Morgan hurle, touché dans sa virilité, comme tout ceux de son espèce, macho jusque dans l'âme. De l'eau peut tuer, c'est connu. Quel réaction d'enfant ! S'en est choquant. Je retiens un rire.
Le garçon arrive tout penaud avec la note et se répand en excuse face à son client.
- Ce n'est rien, articule ce dernier les mâchoires serrées.
Son regard me transperce littéralement. Il dépose des billets dans la petite soucoupe prévue à cet effet. Morgan me prend le bras et m'emmène hors du restaurant. Devant tout le monde, je ne dis rien mais hors de l'établissement, je lui demande avec le plus de respect de me lâcher mais au lieu de ça il resserre sa prise. Je proteste encore et il répond :
- Taisez vous !
- Lâchez moi !
Sa main disponible se plaque sur ma bouche et me contraint au silence. Je tente de le mordre pour qu'il me libère, en vain. Nous remontons une rue, tournons et pénétrons dans un bois, sombre à cette heure. De plus, les rayons de lune peinent à transpercer le feuillage dense.
Il me laisse enfin mais maintient sa prise sur mon bras droit :
- Nous voilà arrivés, c'est que vous n'êtes pas facile à maîtriser, se plaint-il.
- Qu'allez-vous me faire ?! paniqué-je.
Je m'imagine tous les scénarios possibles et ceux-ci font redoublés ma peur grandissante.
- Rien de ce à quoi vous pensez, calmez vous.
Son ton beaucoup plus calme, ne fait qu'augmenter mes craintes.
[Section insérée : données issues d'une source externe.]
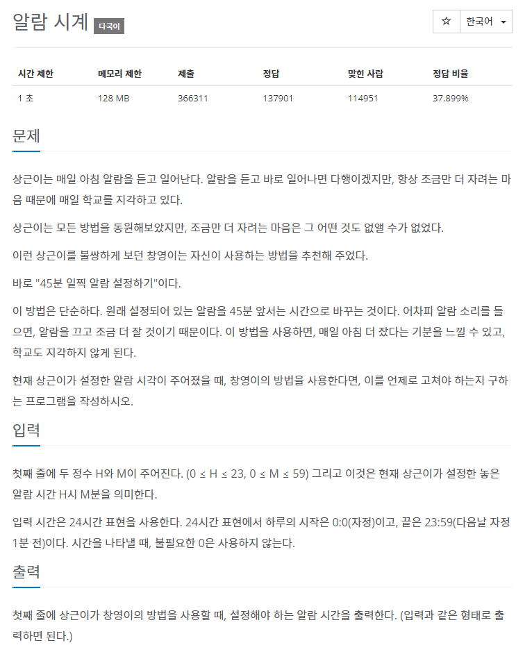 [ 2884번 ] [ C# ] string[] s = Console.ReadLine().Split(); int h = int.Parse(s[0]); int m = int.Parse(s[1]); m -= 45; if(m < 0){ m += 60; h -= 1; if(h < 0) h = 23; } Console.WriteLine($"{h} {m}"); [ Python ] h, m = map(int, input().split()) m -= 45 if(m < 0): m += 60 h -= 1 if(h < 0): h = 23 print("{} {}".format(h, m)) [ C ] #include int main(){ int h, m; scanf("%d %d", &h, &m); m -= 45; if(m < 0..
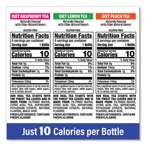 Life's full of decisions, but you don't have to make one here. We've combined your favorite Diet Snapple Teas in one convenient variety pack: Diet Peach Tea, Diet Lemon Tea and Diet Raspberry Tea. Now you can choose the Diet Snapple flavor you want when you want it. That's what we've been doing at Snapple ever since we were a small brand created by three health-food store owners in the New York area. We began by selling our apple juice to health clubs in 1973. Diversifying our flavor portfolio throughout the 80s into teas, fruit juices and lemonades, Snapple went national in the early 90s. Now you can find us in all 50 states across the country. It's also gluten-free and all natural so each bottle is free of artificial sweeteners and flavors. They say variety is the spice of life, so go ahead and take a sip of Diet Peach Tea, Diet Lemon Tea and Diet Raspberry Tea. Enjoy the great taste of Diet Snapple Tea any time of day knowing you're getting a great-tasting drink made with natural, high-quality ingredients.Note: This is a non-returnable item.
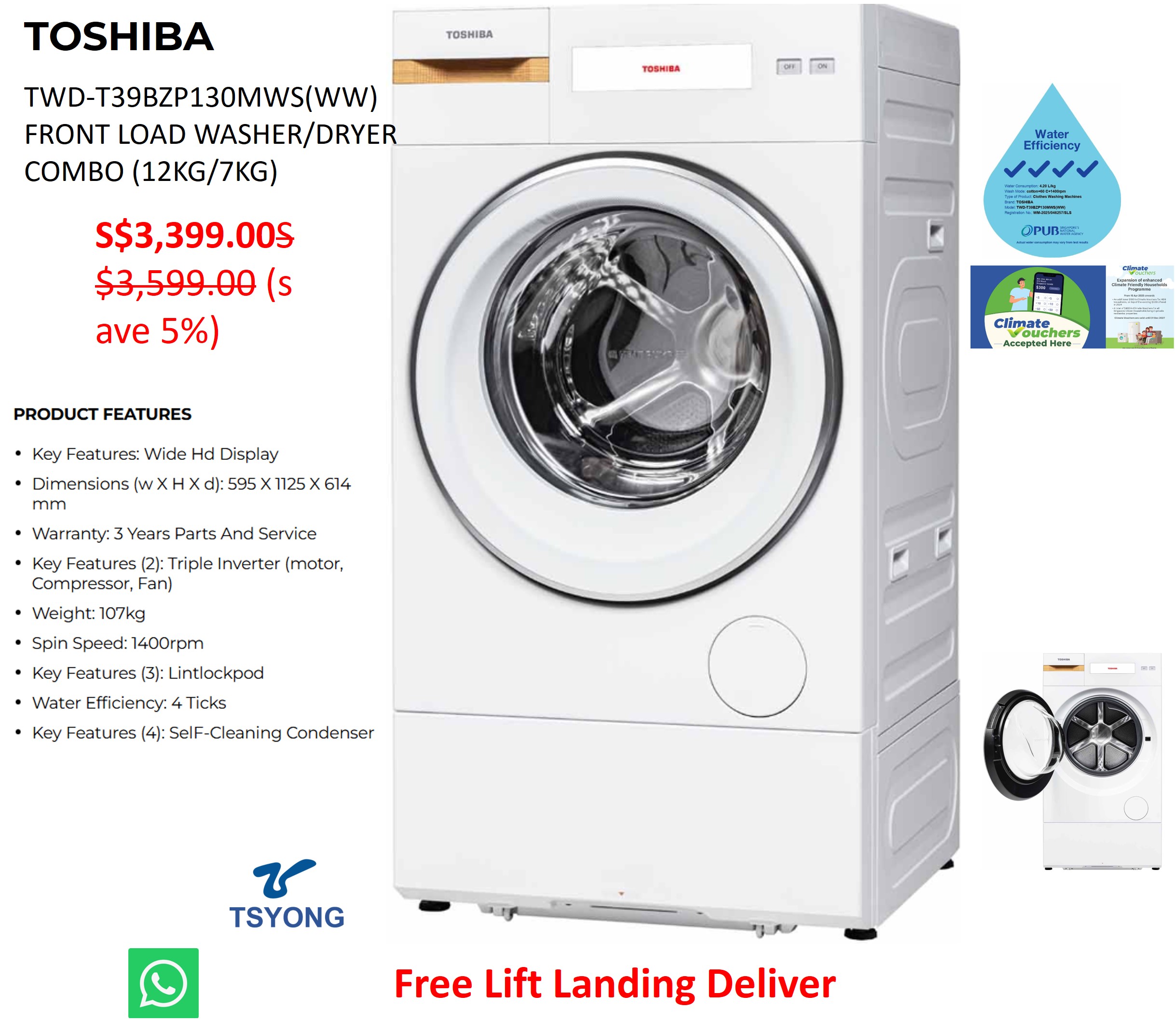 TOSHIBA TWD-T39BZP130MWS(WW) FRONT LOAD WASHER/DRYER COMBO (12KG/7KG)
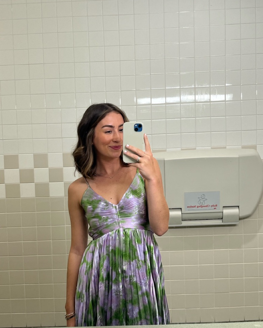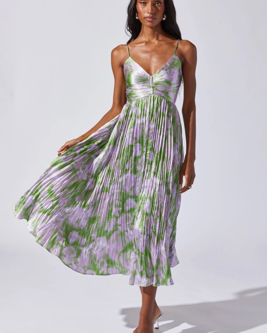This stunning pleated midi dress is perfect for a summer wedding or special event. Purple and green floral
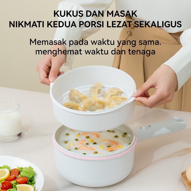 Panci Listrik Mini Wajan Listrik Dua Dalam Satu Kompor Listrik Multifungsi 2l Kompor Kecil Putih
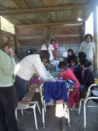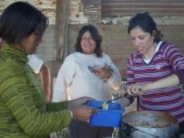 Allí nos esperaban el Pelado, Leo y las compañeras del barrio, mujeres de rostros curtidos y espaldas encorvadas por los vientos de la vida, verdaderas luchadoras y fieles representantes de lo más valioso del género. Predipuestas a poner sus manos en el arte culinario, arte que se hacía cultura, cultura que se hacía pueblo en esas dos, cuantro, seis, doce manos que se confundían, se ayudaban y se estrechaban. Cuchillos, cebollas, zanahorias y ollas, intrumentos puestos al servicio de ese verdadero festín que es la comida, comida que es para todos y todas. Y las sonrisas se dibujaban en los rostros de las compañeras, al compás de la cháchara de la conversación.
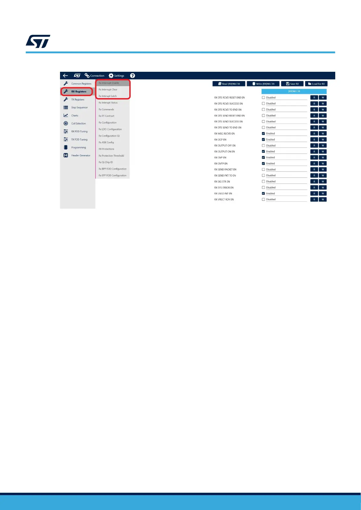 ST STEVAL-WLC38RX - Figure 47. Interrupt Register Settings
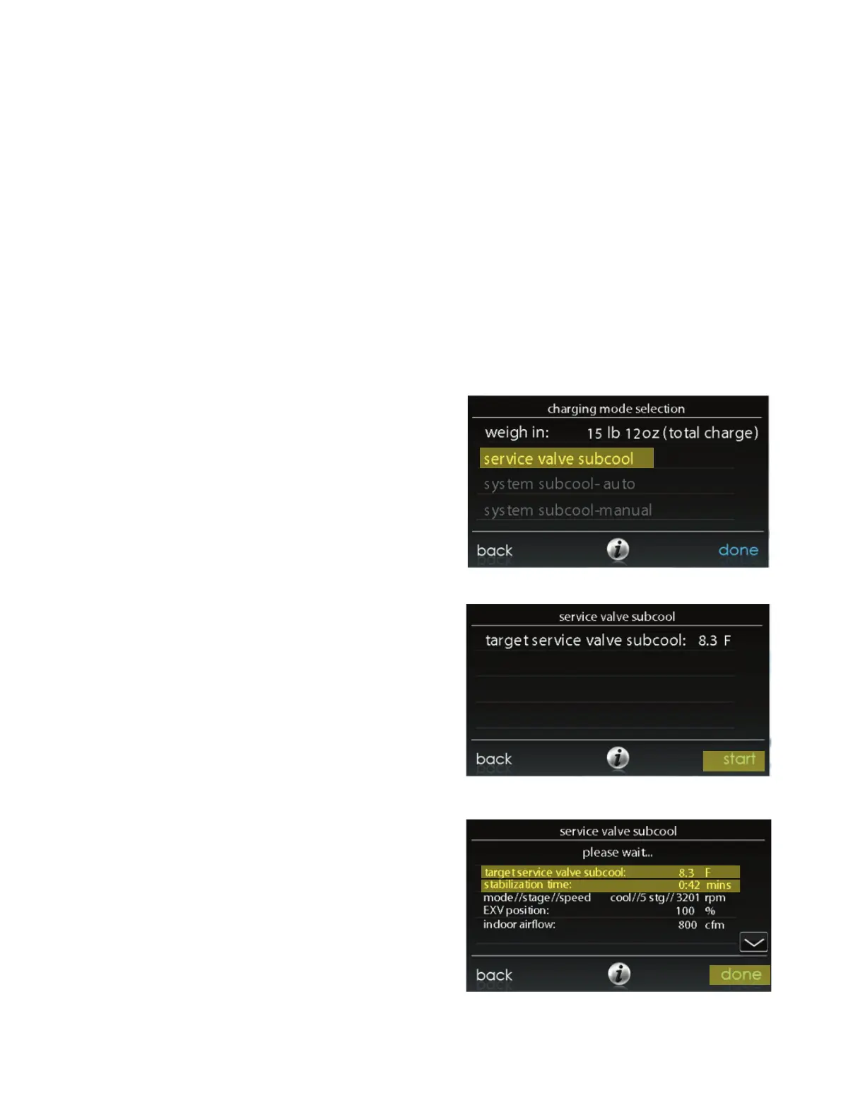 once conditions are within range, the ”Service Valve Subcool”
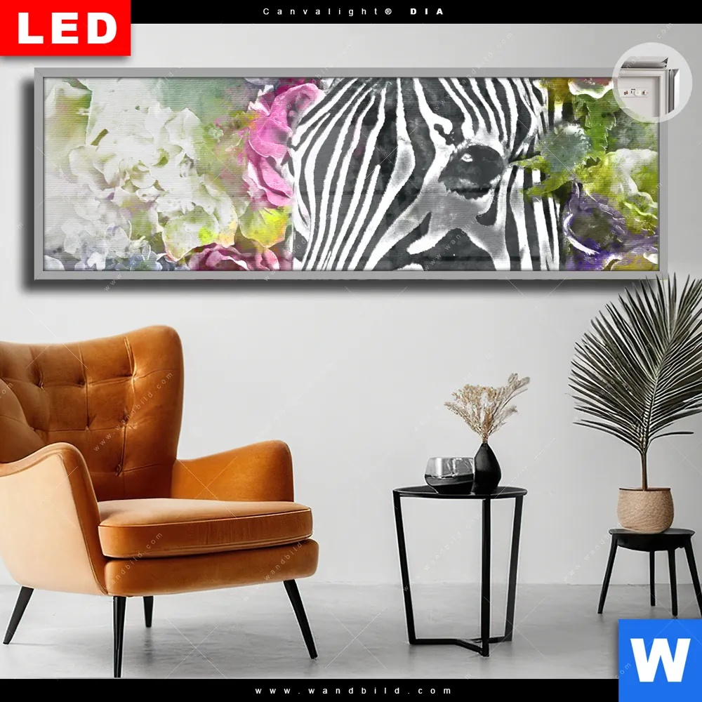 Canvalight® DIA Leuchtbild | Zebra & Blumen | Panorama
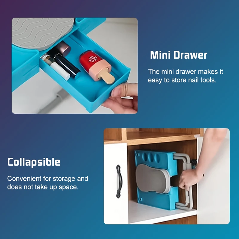 Безопасный и безопасный-обеспечивает стабильную и антимикробную платформу для работы на ногтях, пока вы находитесь в удобном положении на любом стуле! Характеристики: прочная, нескользящая конструкция, гелевые комфортные подушки и складные ножки для стабильности и удобного хранения.
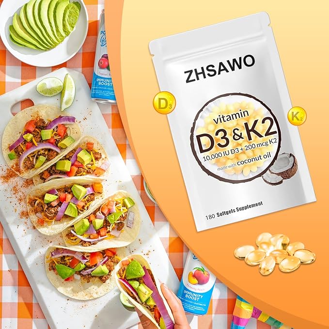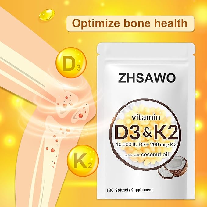 2-in-1 Vitamin D3 K2 Supplement Softgel,D3 K2 Vitamin 10000 iu Aiding in Calcium Absorption (180pcs)
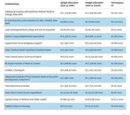 ദല്ഹി ആര്.എം.എല് ആശുപത്രിക്കുവേണ്ടി 885.6 കോടിയെന്ന് പി.ഡി.എഫിലും 753.60 കോടിയെന്ന് എക്സല് ഫയലിലും രേഖപ്പെടുത്തിയിരിക്കുന്നു. 132 കോടിയുടെ വ്യത്യാസമാണ് ഇവ തമ്മിലുള്ളത്. ചണ്ഡീഗഡിലെ പി.ജി.ഐ.എം.ആറിനായി 1426.53 കോടി അനുവദിക്കുന്നെന്ന് പി.ഡി.എഫിലും 1,551.53 എന്ന് എക്സലിലും രേഖപ്പെടുത്തിയിരിക്കുന്നു. 125 കോടിയുടെ വ്യത്യാസമാണ് ഇവിടെയുള്ളത്.
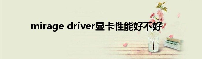 关于mirage driver显卡性能好不好这个很多人还不知道,今天菲菲来为大家解答以上的问题,现在让我们一起来看看吧!
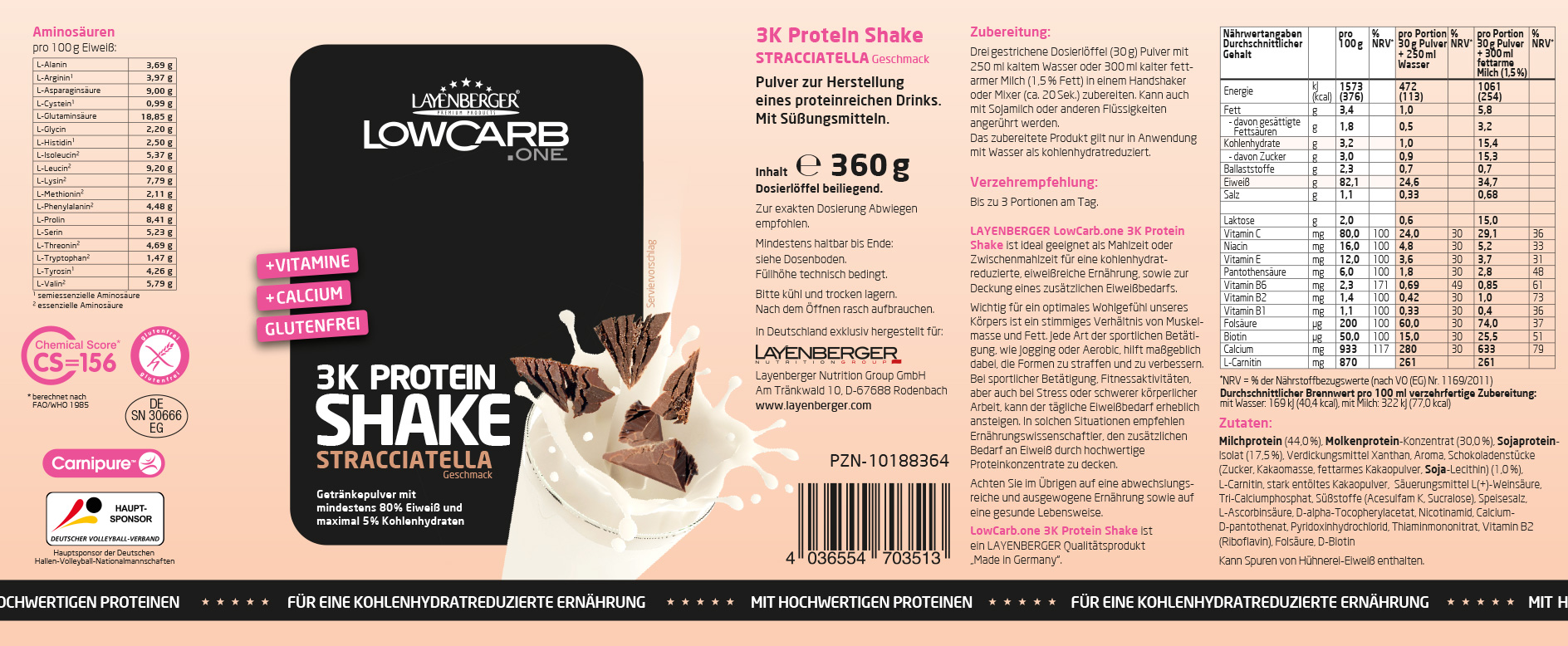 Der Layenberger LowCarb.one 3K Protein-Shake basiert auf den neuesten wissenschaftlichen Erkenntnissen und fein abgestimmten, modernen Rezepturen. Die hohen Chemical Score Werte werden durch den Einsatz sehr hochwertiger Milch-, Molken- und Sojaproteine erreicht, angereichert mit Vitaminen und Calcium. Das bedeutet, dass das Produkt viele hochwertige Eiweiße enthält. Aufgrund der ausgewogenen Zusammensetzung des LowCarb.one Protein-Shakes sind diese auch speziell geeignet zur bestmöglichen Regeneration der Muskeln vor und nach dem Training. Er ist leicht bekömmlich und besonders lecker im Geschmack. Die Shakes eignen sich auch als Teil einer Low-Carb-Diät oder um sich dauerhaft mit wenig Kohlenhydraten zu ernähren.
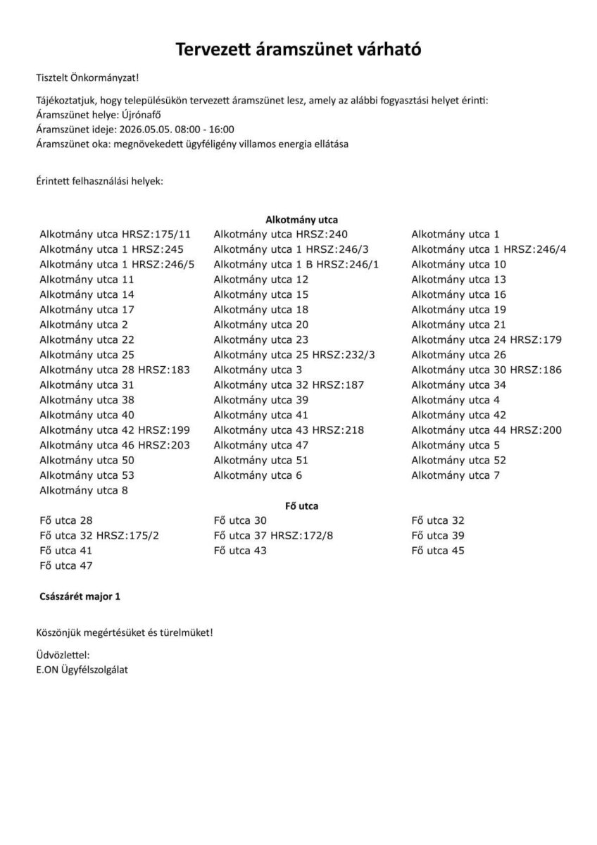 Tervezett áramszünet május 5-én
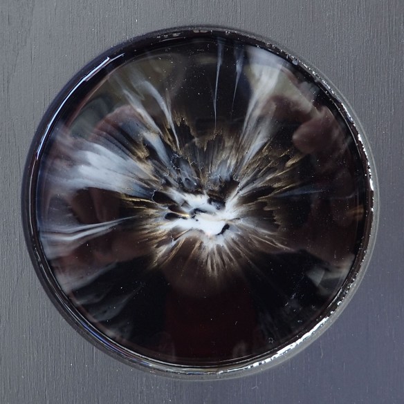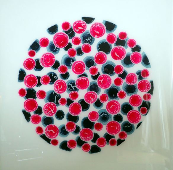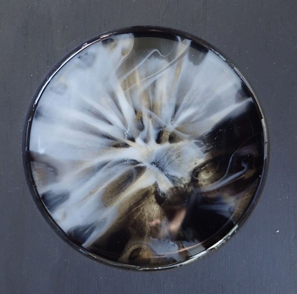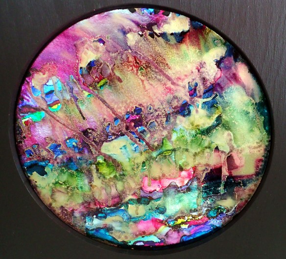 my anothermicroworld (5) – thoughts are sometimes jewels: mixed media, inter alia inks, acrylic paints, metallic pigments, oil based pens, layered resin in plywood (40 x 40 cm).
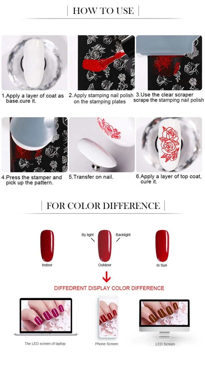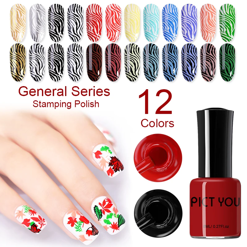 8 мл цветной штамповочный лак для ногтей черный белый красный лак для ногтевого дизайна печать своими руками дизайнерский Лак 12 цветов s нюдовый лак для ногтей
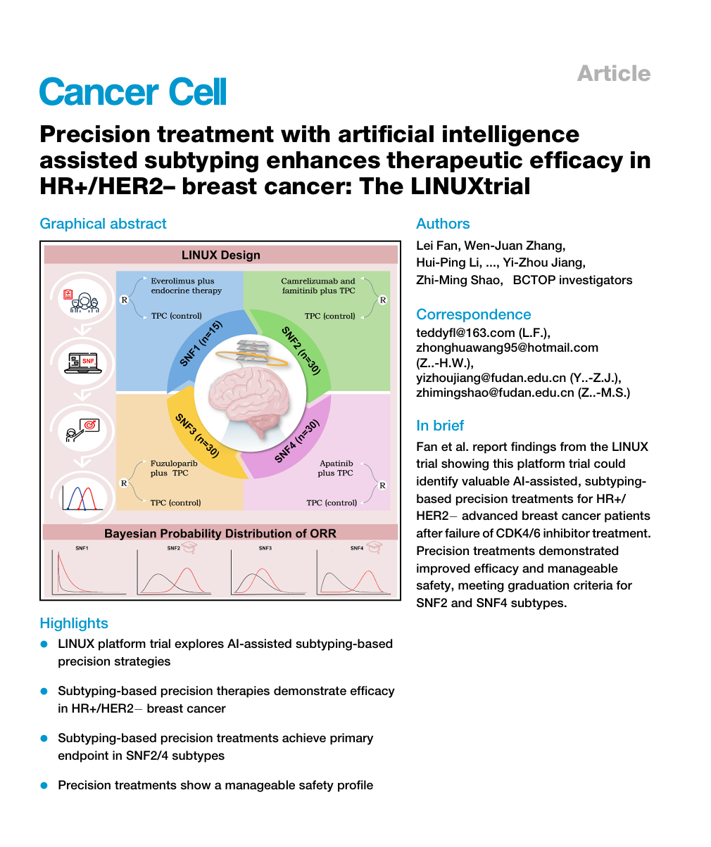 12月4日,复旦大学附属肿瘤医院乳腺肿瘤中心主任兼多学科综合诊治团队首席专家邵志敏教授领衔团队,发布一项名为LINUX的多中心、随机、对照Ⅱ期平台临床试验研究成果。成果建立起可供临床转化的“复旦腔面型乳腺癌四分型”分子分型系统,首次运用AI模型驱动临床研究,找到免疫调节型和RTK驱动型的腔面型乳腺癌患者精准治疗靶点,通过匹配相应靶向药物,证实可显著提升疗效。该研究发表在国际顶级期刊《肿瘤细胞》,影响因子高达48.8。
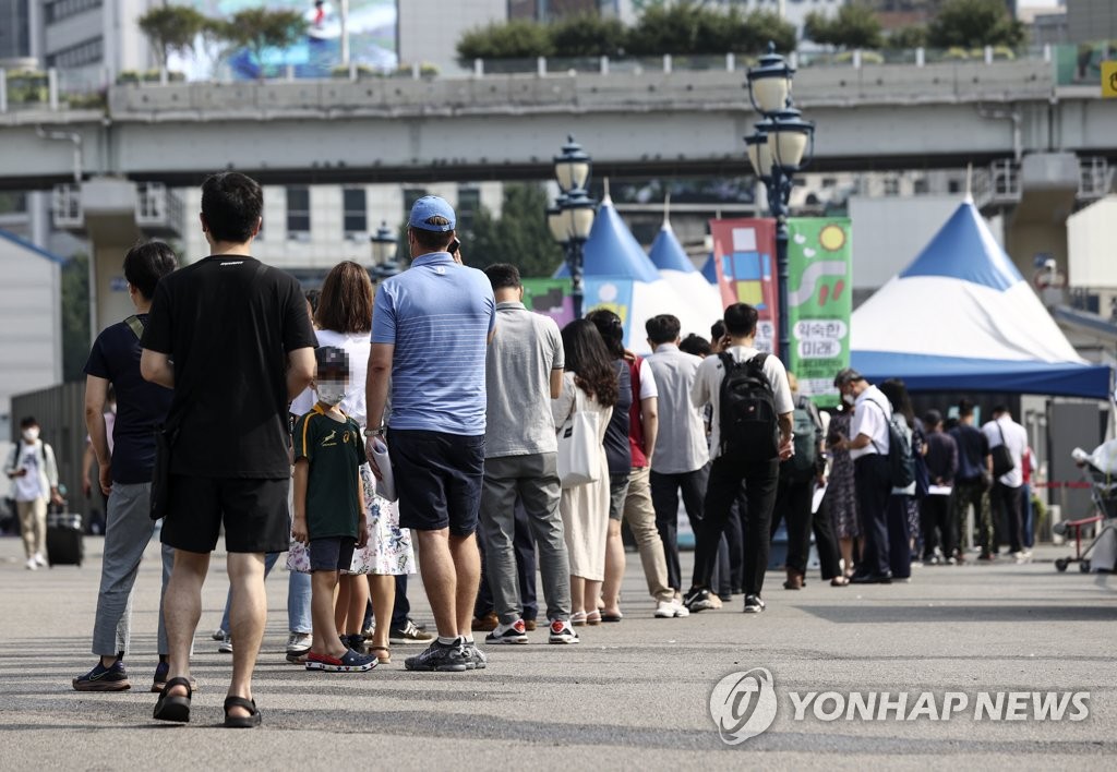 | ▲ People stand in line to take coronavirus tests at a screening clinic in front of Seoul Station on July 1, 2021. (Yonhap) |

C'est sûr ! C'est un tueur en série ou quelque chose qui s'en rapproche.
- Non !
Je réussis à m'extraire de son emprise et porte une main instinctive à ma chaussure.
Le talon aiguille en avant pour me défendre.
- Posez ça!
Je refuse de me plier à lui, même si je pourrai finir en prison à cause de ça. Il n'attend pas et, de sa main ferme et agile, s'empare de la chaussure et la jette au loin. En une fraction de seconde, je me retrouve avec son bras sous ma gorge et plaquée contre un arbre. Le choc me blesse au dos.
- Je vous avais prévenue, dit-il doucement. Morgan me lie les mains avec une sorte de fine corde, sûrement sortie d'une de ses poches, et la serre au maximum. Avec une pression sur mon épaule, il me fait asseoir vulgairement par terre.
Il contourne un buisson et j'entends le bruit familier d'un mécanisme. Le sol tremble et... s'ouvre ? Une plaque s'abaisse laissant apparaître un escalier caché.
- Qu'est ce que...
- Chut, me coupe-t-il, puis m'emmène à l'intérieur.